そんな言葉はあくまでも物語の中の言葉で、現実の世界を生きている現実の存在である自分にとってはただのエンターテインメントでしかないはずだった。だが志郎はエンターテインメントの産物ではなく、ちゃんといまここに存在している、自分の大事な親友だ。その親友が実は不思議な力を持っていて日々不思議なことをしていたという事実が、どうしても信じられなかった。
単語帳を破り取った。ひとまず考えたくない。あまりに難しすぎて、これ以上、自分1人だけで考えていても仕方がない。志郎にはいろいろ聞きたいことが山ほどある。あとで。そう––––とにかく、志郎のアパートの、甲田夕映という女の部屋の前で、この単語帳を一枚破り取る。それがいまの自分の使命だ。いまはそれだけがわかっていればいい。そうして、進んでいく。
正面玄関で靴を履き替えていると、廊下の向こうから多部が現れた。
「おーい織部。どこへ行く?」
「ちょっと忘れ物して」
「忘れ物ー? それ、いま取りに行かなきゃいけないのか? これから学校始まるんだから緊急の用じゃなかったらまた明日にしろー」
単語帳を破り取った。
廊下の向こうから初老の男性教師がやってきた。
「多部先生。ちょっとよろしいでしょうか?」
「近野先生。どうかされました?」
「ええ。夏休み中の講習のことなんですが……」
「わかりました。じゃ織部、早く教室行きなね」
そして二人は総一朗のもとから去っていった。当然、総一朗は多部の命令など無視し、外へと出ていく。

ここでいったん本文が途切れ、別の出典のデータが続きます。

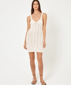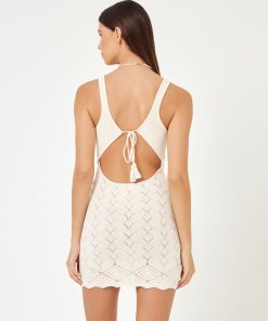 The Saffron Cover-Up Dress fuses texture and detail to create one of our most memorable minis. The soft sweater knit is the stand-out and a v-front, tie in the back and scalloped edges add some interest. Sweater Knit Mini V Front Tie At Back Scalloped Edge Size XS-XL 80% Viscose, 17% Nylon, 3% Spandex Style # SAFCV25

木々が倒れていた。校舎の方を振り向くと、それは廃墟だった。燦々と輝く太陽。初夏の青空。その中で廃校となった篠沢高校。自分たちの学校。
単語帳を破り取った。
精神安定剤としても効果を発揮する––––まさにその通りで、確かにパニックではあったが落ち着きを取り戻し頭が冷静になる。
とにかく行かなければならない。
志郎の顔が頭をよぎる。
志郎。生まれたときからずっと一緒に育ってきた、幼馴染みの親友。唯一無二の大親友……。
「志郎は、志郎だ」
総一朗は、そう呟いた。
そう、志郎の正体はわからないが、それでも、志郎は自分の大切な大切な友達だ。
いまは、それだけを考えていればいい。
総一朗は、再び単語帳を破り取った。
崩れた校門を出ていく。街へと出ていく。崩壊した街。通常通りの街。半透明の二重世界を、総一朗はひたすらに進んでいく……。